17, publicação contínua, 2023, e023005. DOI: 10.36311/1981-1640.2023.v17.e023005
The model uses a total of 23 tables to represent this structure, interrelated (Figure 2), as
follows: eleven (11) main tables, representing nine (9) basic entities of the data collecting levels
in OSN services via API; two (2) tables to store information about OSN and their API versions;
five (5) auxiliary tables, for storing data that complement the minimum semantics of the system,
and; seven (7) tables to allow Many-to-Many (M:M) cardinality relationships.

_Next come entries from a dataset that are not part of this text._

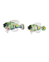 The Rialto Green Glass Fish Set includes large and small glass sculptures created in the Venetian tradition of glassblowing. The green fish sculptures require special tools to twist certain aspects of the pieces when the glass is beginning to thicken, such as the tails and the lips. The fins are added by hand, a precise effort that takes great skill and experience in order to know when the glass is the perfect temperature so that they will adhere rather than melt. Each piece will have slight variations, which makes these green decorative accessories unique.
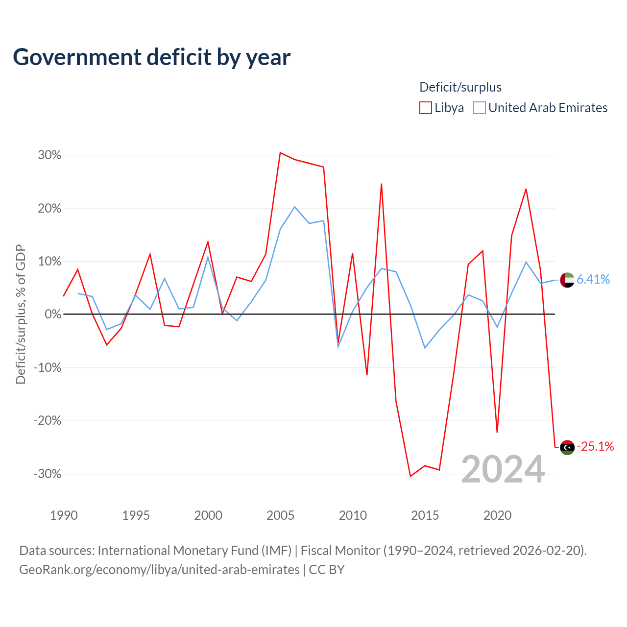 - International Monetary Fund (IMF) | Fiscal Monitor (1990–2024, retrieved 2026-02-20)
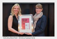 Deutscher Bildungspreis: Ingenics erhält Qualitätssiegel "Exzellenz im Bildungs- und Talentmanagement" Anne Dreyer (TÜV SÜD, li.) übergibt die Urkunde an Rebecca…
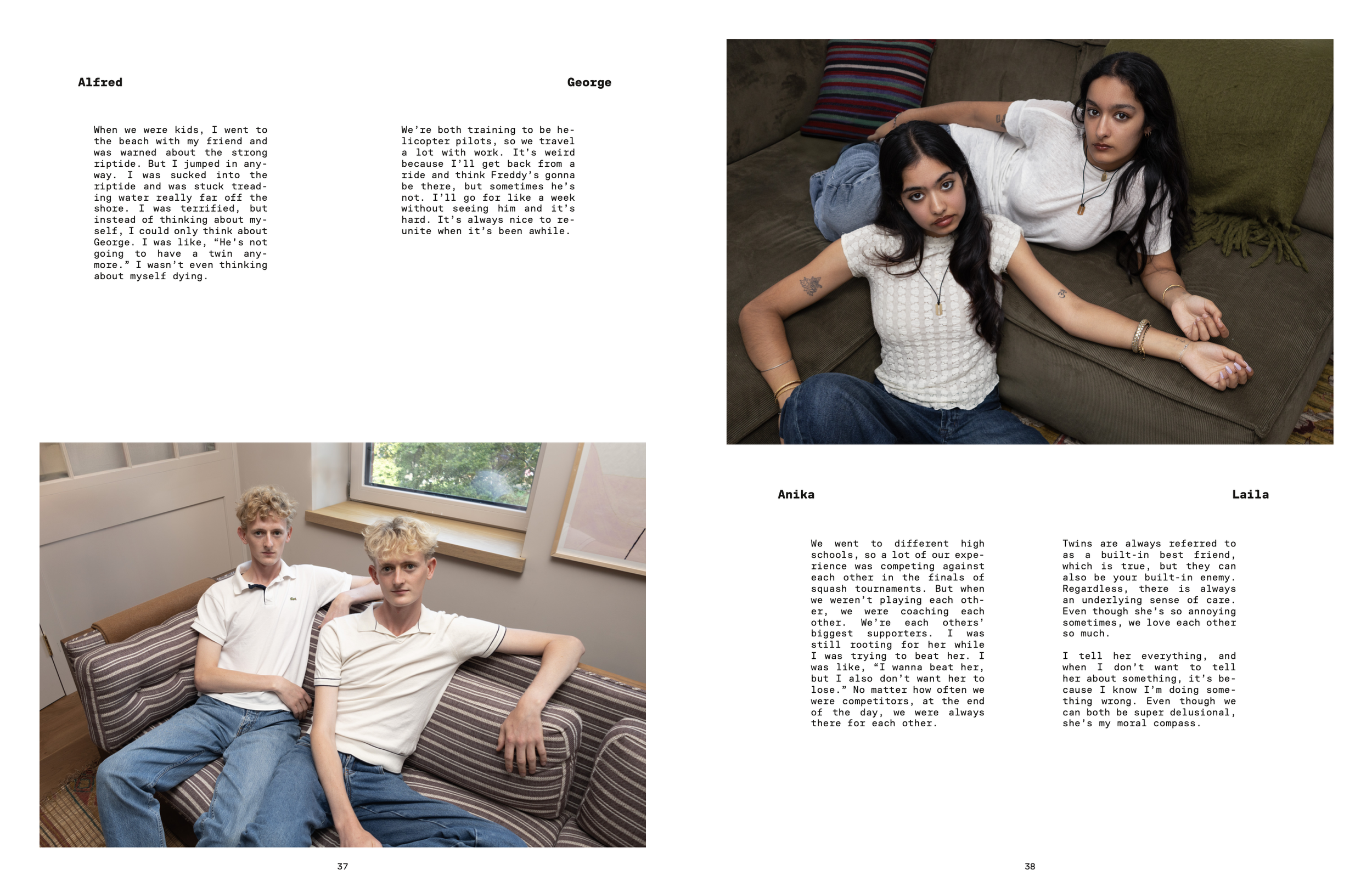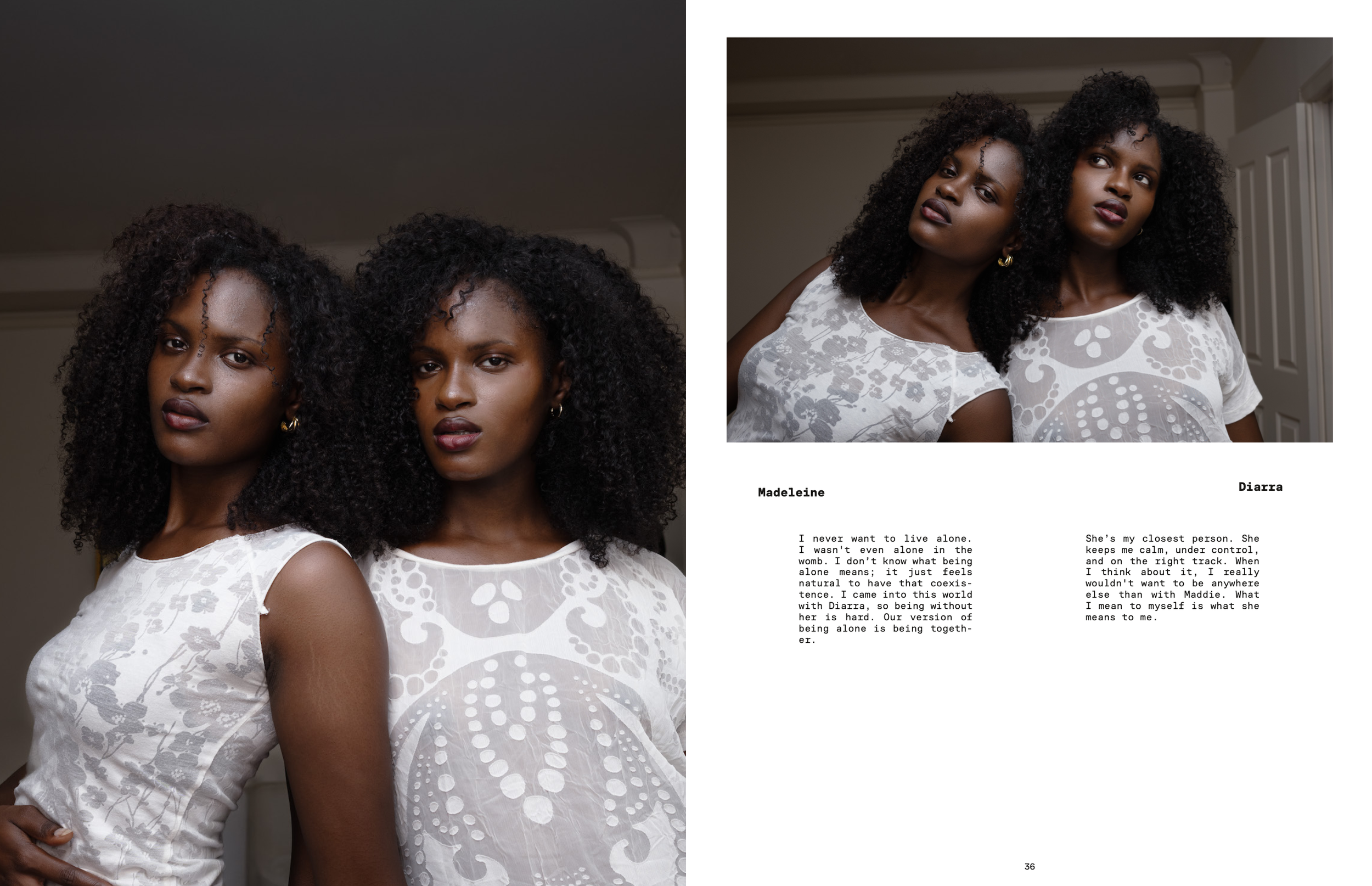 Shot for Bias Cut Magazine Issue 02: Since Birth, this series reckons with Lacan’s psychoanalytic theory of reflection and ego observed in infants. When observing their own reflection in a mirror, infants are unable to discern it as separate from themselves. This misrecognition of self that occurs in the mirror stage can create a false illusion of wholeness or an idealized image of “I.” While most children grow out of this stage, twins see their own reflection in another person for their entire lives.

Table 1 (in Appendix A) summarizes the model information about data tables and their
attributes, presenting the Data Dictionary containing the name and description of the informational
content of each table and its attributes, as well as the domain, size, and integrity constraints of each
table attribute. The model's main tables are osns, api, api_version, authorization_access,
permission, view, attribute, relation, request, parameter, and qualifier, systematized to store data
referring to the levels of the data collecting process in OSN services (Silberschatz et al. 2011). The
model's auxiliary tables are cardinality, data_format, data_type, data_value, and relation_type. The
authorization_access_attribute, authorization_access_permission_attribute,
authorization_access_permission_view, authorization_access_view, attribute_qualifier,
parameter_qualifier, and request_parameter are the associative entity tables, which are a set of
tables that assist the join of two or more entities in one-to-many and many-to-many modes
(Silberschatz et al. 2011). All tables adopted artificial primary keys composed of auto-incremental
integer numbers.
In function of the access to personal data by external agents through the OSN service, part
of the challenges in establishing an analysis perspective on aspects related to privacy endures in
the complexity of creating mechanisms that allow measuring information about the data set
accessible by APIs. The structure model to store the information proposed in this research
establishes this type of subsidy to analyze through different prisms. In other words, depending on
the objective or hypothesis raised, the researcher could build their search strategies to suffice their
demand (in the form of instructions in SQL Query format). When the data collected on the OSN
services are normalized and stored in a single structure, it allows a researcher to compare what is
recurrent or differs between the OSN services.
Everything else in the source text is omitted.